According to recent estimates, transnational crimes—from drug and human trafficking to oil theft, illegal mining and fishing, to weapons trafficking—generate between $1.6 trillion and $2.2 trillion annually. While significant, these figures still fail to account for the breadth of human suffering these illegal transactions cause. Beyond their immediate human impact, they conspire to suborn government authorities and degrade the rule of law, create cyclical underdevelopment that can lead to state failure and violence and, ultimately, the need for foreign intervention.

Illicit trade figures into virtually every security challenge we face. The government of Iran transships and finances the purchase of strategic goods for their missile, WMD, and military programs illicitly and often through transnational networks. The cash-starved regime in North Korea relies on hard currency derived from the trade in narcotics, weapons, wildlife, counterfeit currency, and cyber theft. And many of the more than 68 million displaced people at the center of the global refugee and humanitarian crisis fall victim to human traffickers. In each of these cases, the illicit trade in goods propagates or exacerbates other serious threats to our common security and prosperity.
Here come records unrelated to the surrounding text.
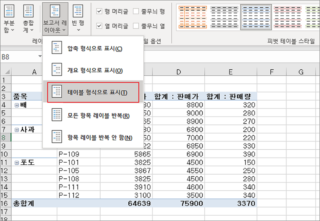 ▼ 보고 레이아웃 리본 메뉴는 표시 형식을 변경하는 옵션입니다. 기본은 압축 형식 입니다.
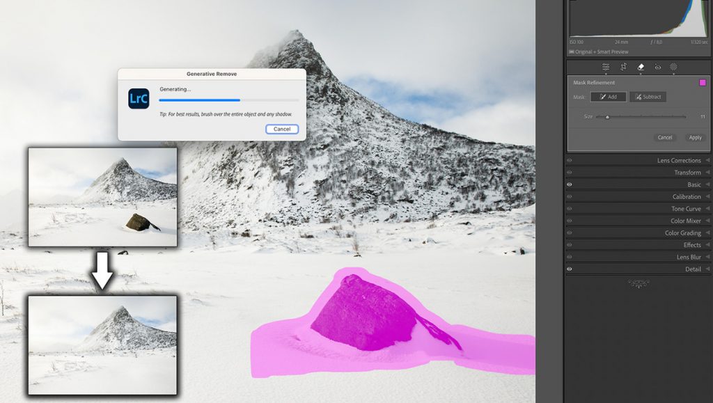 Muitos dos itens indesejados costumam ser de tamanho pequeno. Pode ser uma mancha de poeira no sensor ou um pequeno objeto que atraia atenção negativa. Esses pequenos itens geralmente não requerem conteúdo gerado por IA. Um simples pincel de clonagem lhe dará resultados bons o suficiente.
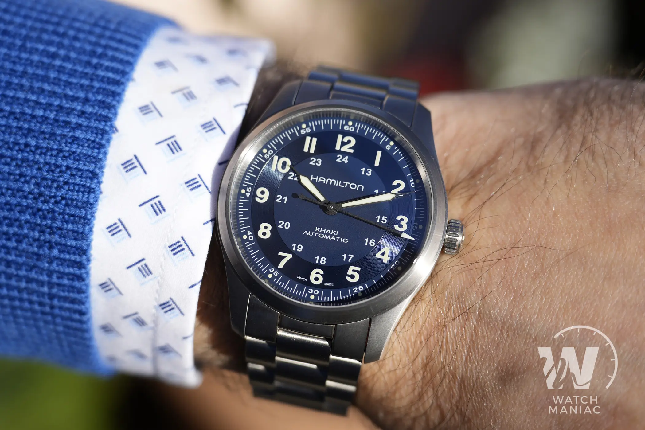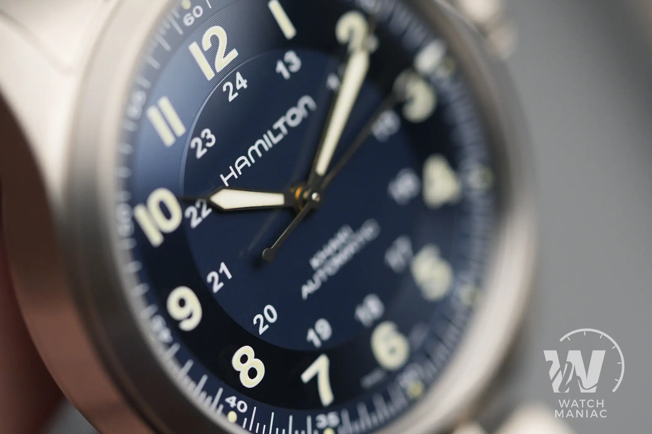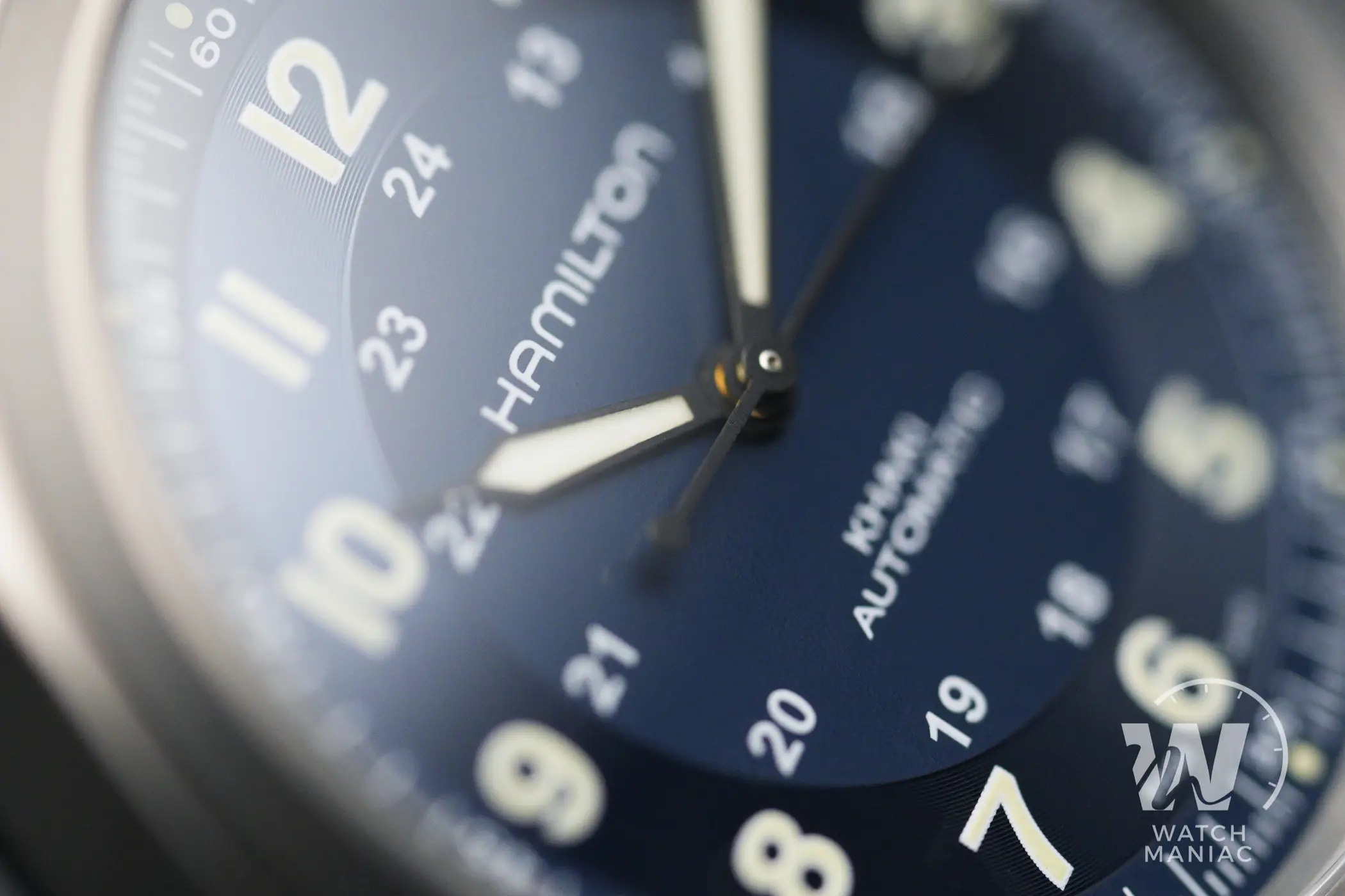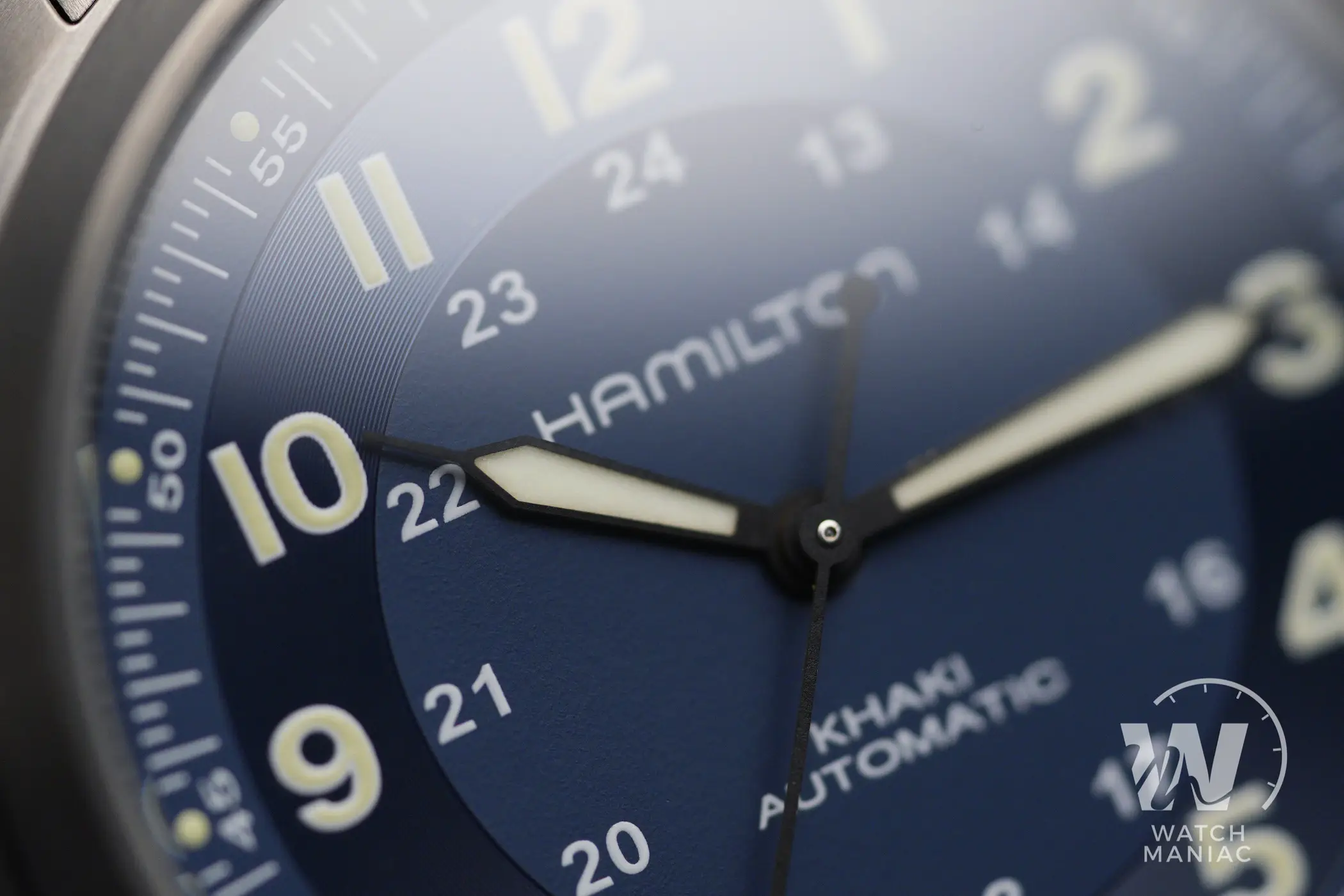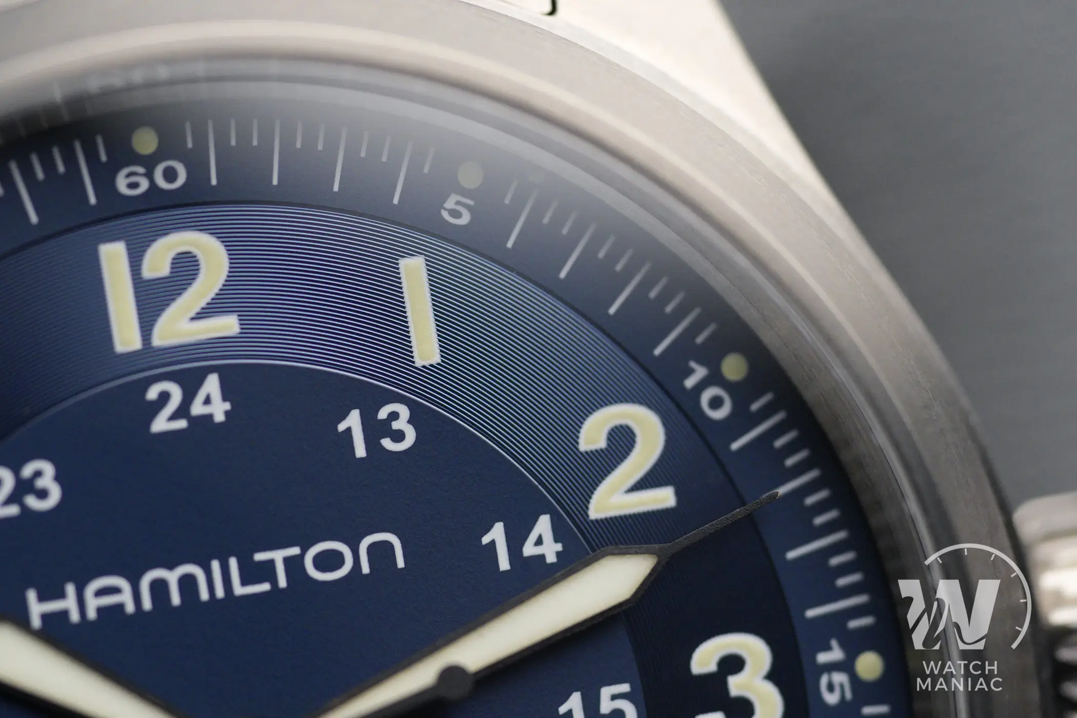 I nuovi modelli del Khaki Field Titanium sono disponibili in 4 diverse configurazioni, da 38mm e da 42mm, con quadrante blu e titanio “nudo” oppure con quadrante nero e rivestimento PVD su cassa e bracciale. E, nel caso specifico, l’abbinamento del quadrante blu con il grigio un po’ più scuro tipico del titanio è davvero azzeccato. Le scritte sono ridotte al minimo ed è una fortuna, dato che Hamilton su questo modello utilizza la classica grafica che riporta anche le ore postmeridiane. Sui Khaki Field Titanium i quadranti sono movimentati dalla presenza di un anello sul quale sono posizionati gli indici realizzati in Superluminova. La finitura a solchi concentrici, quando viene colpita dalla luce, crea dei riflessi particolarmente interessanti, quasi iridescenti, soprattutto in abbinamento con la colorazione blu di questa versione. È un buon modo di rendere più elaborato e ricercato il quadrante senza però rischiare di alternarne la leggibilità.

In aggregate, illicit trade represents one of the most insidious and least understood threats to American and international security. By better understanding the nature of this global phenomenon, modernizing the toolkit needed to counter these illegal activities, and altering the calculus of both legitimate and illegitimate actors in the global supply chain, the United States can reap significant financial and security dividends.

Essential Context

The explosion of global trade and access to technology is yielding undeniable benefit to millions around the world. Yet this same access has also opened the door to all manner of illicit activity. Transnational organized criminals use the tools of globalization to their advantage; just as the licit economy has gone global, so too have drug smugglers, traffickers, counterfeiters, and money launderers found new avenues to diversify their business enterprises and reach global markets. Knowingly or not, tens of thousands of similar actors along the global supply chain have both the potential to drive legitimate commerce and to facilitate criminal activity.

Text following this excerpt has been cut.